Die schlechte Nachricht ist, dass die Pubertät eingesetzt hat. Davon bekommt ein Whippet im Alter von 6 Monaten bis zu 3 Jahren gern mehrere Schübe.
Die gute Nachricht ist, dass nach Abschluss aller Umbaumaßnahmen das neu strukturierte Gehirn wieder in der Lage sein wird, auf seinen Speicher zuzugreifen, und der Kleine sich wieder an all die schönen Dinge erinnern wird, die er einmal gelernt hat.
Bis dahin kann der Weg jedoch lang und steinig werden. Stündliche Wechsel zwischen Musterschüler und Anarchist sind keine Seltenheit.
“Ich würde ja gern alles richtig machen, aber wie geht das?”
Jeder Ablenkung wird nachgegangen. Regeln werden in Frage gestellt. Und Konzentration ist ein Fremdwort. Dazu kommen manchmal plötzliche Angstphasen.
Dabei kann der arme Hund gar nichts dafür, dass seine Synapsen ihn ständig in die Irre führen. In der Pubertät verändert sich nicht nur der Körperbau. Das Gehirn wird komplett neu verdrahtet. Und bei so einer Grundüberholung im laufenden Betrieb ist die Steuerzentrale nun mal nicht konstant betriebsbereit.
Die Auswirkungen dieses Baubetriebs sind individuell sehr unterschiedlich ausgeprägt. Der Eine packt die Rasierklingen aus, am Anderen geht es fast unbemerkt vorbei. Der Eine fragt nur öfter nach, der Andere versucht gleich die Hausordnung umzudefinieren.
Wie verhalte ich mich sinnvoll gegenüber einem Junghund in der Pubertät?
Am wichtigsten ist das Verständnis, dass der Hund mit seinem Verhalten nicht etwa seinen Menschen ärgern möchte. Strafen sind hier völlig unangebracht und verwirren nur noch mehr. Im schlimmsten Fall können sie das Vertrauensverhältnis nachhaltig stören. In der Pubertät sind Hunde – und auch Menschen – besonders sensibel. Hier werden die Weichen für das weitere Zusammenleben gestellt. Denn auch nach weiteren Umbaumaßnahmen bleiben schlechte Erfahrungen dauerhaft im Gedächtnis.

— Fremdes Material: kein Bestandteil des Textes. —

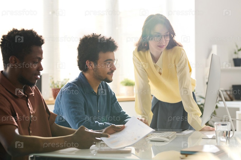 Коллеги по бизнесу, работающие с презентацией в офисе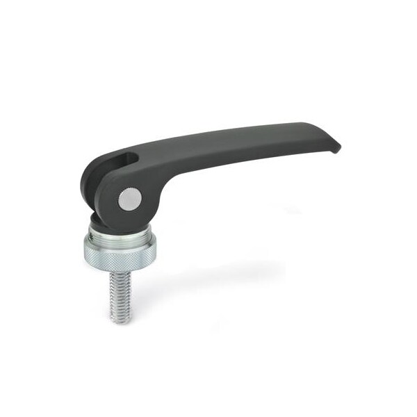 GN 927 clamping levers with eccentrical cam are used for rapid clamping and releasing operations. In contrast to a clamping operation utilizing only threads and a lateral force, these levers permit torque-free clamping via a combined downward vertical and cam actuated motion. The lever has been designed to ensure that its movement cannot exceed the maximum clamping position. There are no loose components since all are assembled and mounted in their correct order.

Der erste Schritt ist hier ein Schritt zurück. Die Frage ist nicht, was der Hund nicht mehr kann, sondern was er noch beherrscht. Einfache Übungen, mit Erfolg ausgeführt, sind gut für das Selbstvertrauen vom Mensch und Hund. Druck und zu hohe Erwartungen sorgen dagegen für Frustration.
Gibt es eine Lieblingsübung, die der Hund besonders gern ausführt?
Bei Candy war das “Sitz”. Egal was sonst passierte, “Sitz” ging immer.
Timo konnte ich ganz einfach “in den Strebermodus schalten”, indem ich ihn auf den Hinterbeinen stehend mit Leckerchen fütterte. Das fand er nicht nur lustig, es gab auch noch Leckereien. Sofort war er bereit zu probieren, wie er mir mehr Leckerchen entlocken konnte.
Wenn es keine Lieblingsübung gibt, kann man auch zu Lieblingsreizen greifen. Da die meisten Whippets jagdlich orientiert sind, bieten sich hier Jagdspiele an. Wegrennen, gern mit Indianergeheul, kann sehr hilfreich sein, wenn an einen Rückruf nicht zu denken ist. Ohne Vorwarnung auf einem Spaziergang durchgeführt ist das ein tolles Spiel, was die Bindung stärkt und dem Pubertier zeigt, dass man auch mit seinem Menschen viel Spaß haben kann.
Natürlich darf auch das gemeinsame Kuscheln nicht zu kurz kommen. In der Pubertät brauchen Whippets besonders viel Liebe und Körperkontakt.